Lourdes hands me a grocery bag filled with dog food and bowls and toys and a leash. When I told her my plan, she decided she and Leo and the kids would take the dog-free weekend as an opportunity to go up to Napa for the night.

“Don't forget,” Lourdes says, “she's a toilet drinker.”

“Noted.”

“And she'll hop up on the furniture the minute you walk out the door.”

“Lourdes. Don't worry about us. Go have fun.”

“Okay. I'll bring you back a bottle of something. It might or might not be empty, depending on how many times Gabby asks if we're there yet on the drive home.” She frowns. “Are you sure it wouldn't be better if I stayed? Isn't there anything I can do to help?”

I nod toward Giselle. “You
are
helping.”

Lourdes glances doubtfully at her dog.
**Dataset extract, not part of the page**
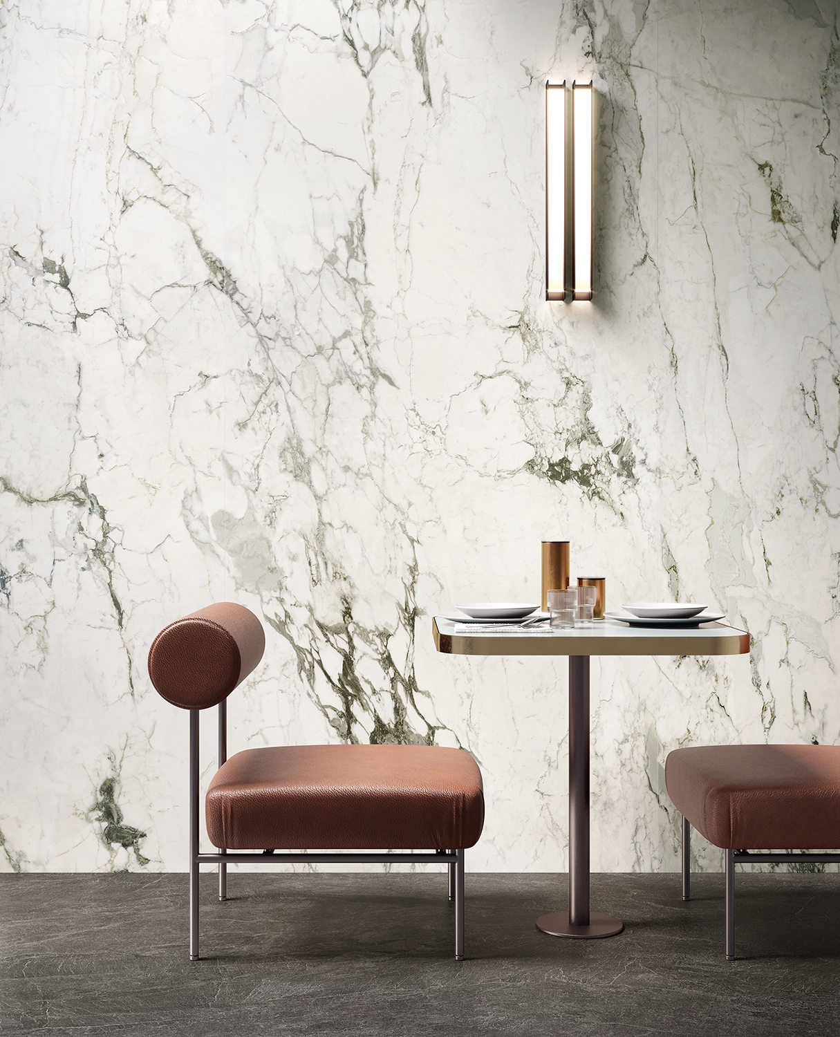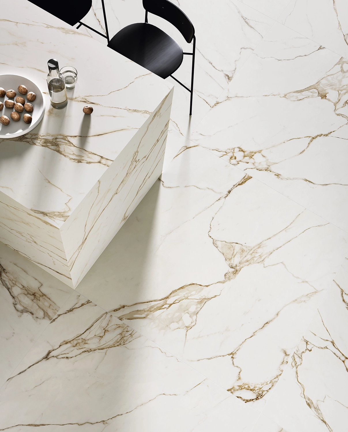 Seducente e senza tempo, la bellezza dei marmi più nobili rivive nelle superfici ceramiche ultra-realistiche e tecnicamente ineccepibili della collezione Atelier.

Then she breaks out her jazz hands and begins singing, to the tune of “Master of the House” from
Les Misérables
,
“Never leaves the house, never through the gate, orders so much from Amazon that she gets a special rate!”
She mimics the sound of a crowd cheering. “And the audience goes wild following Maggie Brennan's final performance in the
The Agoraphobic Therapist,
this year's Tony winner for Weirdest New Musical.” Lourdes throws her jazz hands around me, squeezing me within one of her signature robust hugs.

“Good luck,” she whispers. “I love you.”

After she leaves, I pour water into Giselle's bowl. It's the first time I've had a dog in the apartment since Toby died. She laps up water in a different way than he did; her sounds are softer, daintier.

“Exposure therapy,” I say aloud. “Systematic desensitization.”

When the house is silent and I know Lourdes and her family have left, I clip Giselle's leash to her collar.

As we near the sidewalk gate, I do all the things I know I should do—the very things I tell my patients to practice when they are overcome by anxiety. I concentrate on my breathing, drawing air
in through my nose and expelling it through my mouth. I visualize our walk—a quick, uneventful trip to the corner. I reach down and run my hand along the length of Giselle's back. As if on command, she sits. Her gaze is nailed to the gate, her body shivering with anticipation. I wrap the leash around my hand until it's so short that I can touch the ends of Giselle's curls with my fingers.

I open the gate.

Something black and cold courses through me.

I breathe and count, count and breathe.

One.

Two.

I force myself to picture Anya's pained face, to consider the possibility of not helping her, and in the same moment, Giselle tugs me forward onto the sidewalk. In a blur, I reach out and shut the gate behind me. I put my hand on top of Giselle's head, steadying myself, warding off the panic with my breath. I'm not quite leaning on her, but I get the sense that I could if I needed to, that she would not let me fall.

I squeeze the leash in my hand and begin to walk. I try to imagine that I'm breathing out the negative thoughts, that my chest is expanding instead of constricting, but mostly I focus on Giselle, her warm, solid presence at my side, the softness of her strawberry-blond fur against my taut knuckles. She's cheerful and confident, completely unfazed by how short I've made the leash. I pretend I have blinders on, that I couldn't look around even if I wanted to, that I'm only able to see Giselle, but with each step, my skin tightens, my muscles tensing. Bile rises into the back of my throat. Panic buzzes in my ears, swarming through me, filling my chest, and I can barely breathe. The sound of Giselle's nails
clicking against the pavement cuts through my haze. The tags on her collar chime together. Her collar and leash are pale brown leather, good, sturdy tethers that will not fail. I slip my shaking fingers into her soft neck and begin again.

One.

Two.

When I spot the curb ahead, I realize I've made it to the corner, about half a block away from Lourdes's house. I immediately turn around and hurry back toward the gate. Giselle lopes along at my side.

When the gate latch falls into place behind me, I double over, pressing my hands against my knees, and inhale deeply. After a couple of minutes, my head begins to clear, and I straighten.
It actually worked!
I hadn't gone far, but for the first time in one hundred days I'd made it beyond the gate. It was a start.

“Well,” I say to Giselle once we're in my apartment. I'm scrubbing my hands under hot water and she's standing in the doorway of the bathroom, watching me. “That was some adventure, kid.”

Giselle is too polite to argue.

“Baby steps,” I say. Then I try to translate: “Puppy steps.” But the translation doesn't really work—a puppy would have bounded joyfully down that street instead of hobbling along like someone recently released from a full-body cast. A puppy would have kept going beyond the curb.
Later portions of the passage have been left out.